Researchers have recently explored why B cells become less efficient as we age, analyzing how their behavior changes when they are transplanted from aged mice into young mice .
The immune system is a comprehensive defense system
Our immune systems protect us from disease and are vital to the healthy function of every organ and tissue we have. Our bodies contain many types of these cells, and each of them performs a different function. These include patrolling for bacteria, cancer cells, and invading viruses; removing damaged senescent cells that have reached replicative senescence; breaking down cellular waste; removing cell debris; and supporting healthy organ and tissue repair.
Unfortunately, as we age, our immune systems go into decline and become increasingly inefficient and disrupted. This gradual age-related failure of the immune system is known as immunosenescence.
The ultimate consequence of immunosenescence is that literally any infection or disease becomes a serious issue. Viruses, such as flu, that most young people shrug off become potentially life-threatening in the elderly. Understanding the complexities of immunosenescence is a challenge, but this research is a step towards finding out.
B cell function seems to be strongly influenced by their environment
B cells are white blood cells that form antibodies, making them an important part of the immune response to invading pathogens. These antibodies then bind to pathogens or foreign substances allowing the immune system to neutralize them.
Our B cells are no exception to age-related decline, and they too contribute to immunosenescence. Exactly how this happens is still somewhat of a mystery. Do the cells themselves become damaged and change how they function, or are they reacting to changes in the wider environment? The researchers set out to answer this question by transplanting B cells from old mice and transplanting them into young mice.
The data presented here suggests that old B cells work better when exposed to a youthful environment. While it is likely that intrinsic processes are occurring, just a change to a youthful environment is enough to improve old cell function.
Vaccines typically protect against (re)infections by generating pathogen-neutralising antibodies. However, as we age, antibody-secreting cell formation and vaccine-induced antibody titres are reduced. Antibody-secreting plasma cells differentiate from B cells either early post-vaccination through the extrafollicular response or from the germinal centre (GC) reaction, which generates long-lived antibody-secreting cells. As the formation of both the extrafollicular antibody response and the GC requires the interaction of multiple cell types, the impaired antibody response in ageing could be caused by B cell intrinsic or extrinsic factors, or a combination of the two.
Here, we show that B cells from older people do not have intrinsic defects in their proliferation and differentiation into antibody-secreting cells in vitro compared to those from the younger donors. However, adoptive transfer of B cells from aged mice to young recipient mice showed that differentiation into extrafollicular plasma cells was favoured at the expense of B cells entering the GC during the early stages of GC formation. In contrast, by the peak of the GC response, GC B cells derived from the donor cells of aged mice had expanded to the same extent as those from the younger donors. This indicates that age-related intrinsic B cell changes delay the GC response but are not responsible for the impaired antibody-secreting response or smaller peak GC response in ageing.
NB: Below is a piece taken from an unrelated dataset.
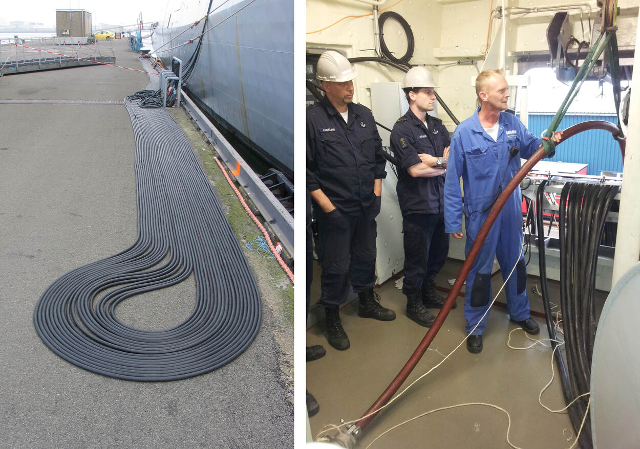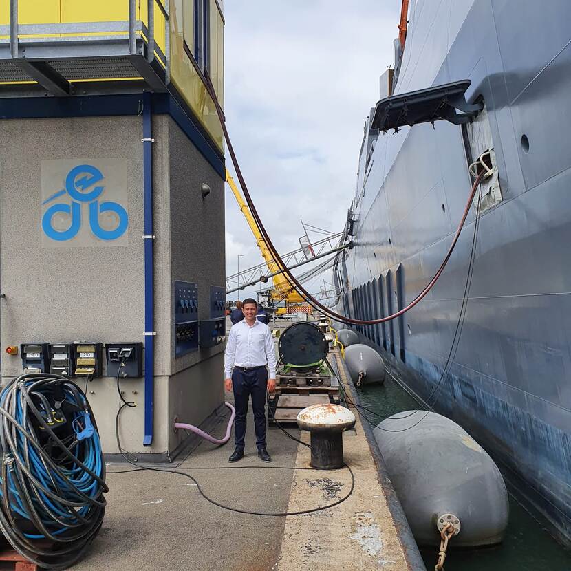 Davey Genemans, hoofd Bedrijfsvoering EDB, bij de energievoorziening die met hoogspanningskabels een marineschip van walstroom voorziet.

Collectively, this study shows that B cells from aged individuals are not intrinsically defective in responding to stimulation and becoming antibody-secreting cells, implicating B cell-extrinsic factors as the primary cause of age-associated impairment in the humoral immunity.
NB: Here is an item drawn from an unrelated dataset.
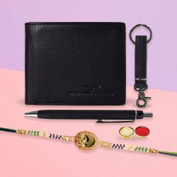 This gift combo contains: � A Shiva Rakhi by Rakhi Sutra (QUR8219Y) � Leather Travel Passport Holder (Brushwood, RFID Protected) � Complimentary Roli Tika N Chawal � Complimentary Message Card with Free Rakhi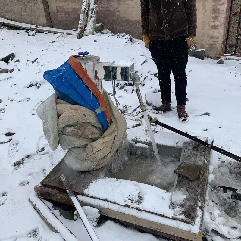 Электротермическая водоразборная колонка для плавления льда представляет собой специально разработанное и изготовленное оборудование для забора воды на открытом воздухе в холодных регионах. В течение долгих зимних месяцев, когда наружная температура очень низкая, конечные точки водоснабжения, такие как трубы, краны, клапаны и т.д., чрезвычайно подвержены замерзанию, что приводит к трудностям с водоснабжением. Традиционные методы включают усиление теплоизоляции и даже размораживание с помощью открытого огня или горячей воды. Однако при длительных низких температурах замерзшие конечные точки водоснабжения невозможно эффективно решить обычными мерами, и это очень хлопотно. Колонка забора воды с электрообогревом для плавления льда, заполненная теплоизоляционным материалом с низкой теплопроводностью, оснащена встроенным саморегулирующимся нагревательным кабелем. Пользователи могут подключить ее к электросети по мере необходимости для плавления льда. Время подключения к сети крайне мало, обычно для плавления льда и поступления воды достаточно 5–10 минут. После поступления воды питание отключается. Благодаря собственной теплоизоляции колонка может оставаться незамерзшей в течение длительного времени (при температуре до -20°C она сохраняет воду незамерзшей до 10 часов). Колонка забора воды с электрообогревом для плавления льда широко применяется в холодных северных регионах Китая и на Цинхай-Тибетском нагорье, полностью решая проблему замерзания воды у местных жителей зимой. Простота эксплуатации, длительный срок службы и удобство обслуживания обеспечивают пользователям отличный опыт использования воды.

These data suggest that B cells can work quite well given a more favorable environment. It also appears that environment has more influence on how B cells function than any intrinsic changes that happen in the cells.
This also begs the question if an approach such as therapeutic plasma exchange would improve B cell function. Given that plasma dilution appears to rejuvenate humans, including increasing B cell, macrophage, and natural killer (NK) cell counts, this seems quite plausible.
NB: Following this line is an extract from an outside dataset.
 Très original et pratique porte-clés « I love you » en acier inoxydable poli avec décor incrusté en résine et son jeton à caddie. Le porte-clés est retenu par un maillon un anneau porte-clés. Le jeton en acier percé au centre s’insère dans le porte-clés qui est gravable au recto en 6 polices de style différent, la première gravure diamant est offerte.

Therapeutic plasma exchange seems to shift a number of aging biomarkers towards more youthful levels. It would be interesting to learn more about how it affects immune cell populations. Understanding this may open the door to potential therapies that address immunosenescence in older adults.
 Lee, J. L., Fra‐Bido, S. C., Burton, A. R., Innocentin, S., Hill, D. L., & Linterman, M. A. (2022). B cell‐intrinsic changes with age do not impact antibody‐secreting cell formation but delay B cell participation in the germinal centre reaction. Aging Cell, e13692.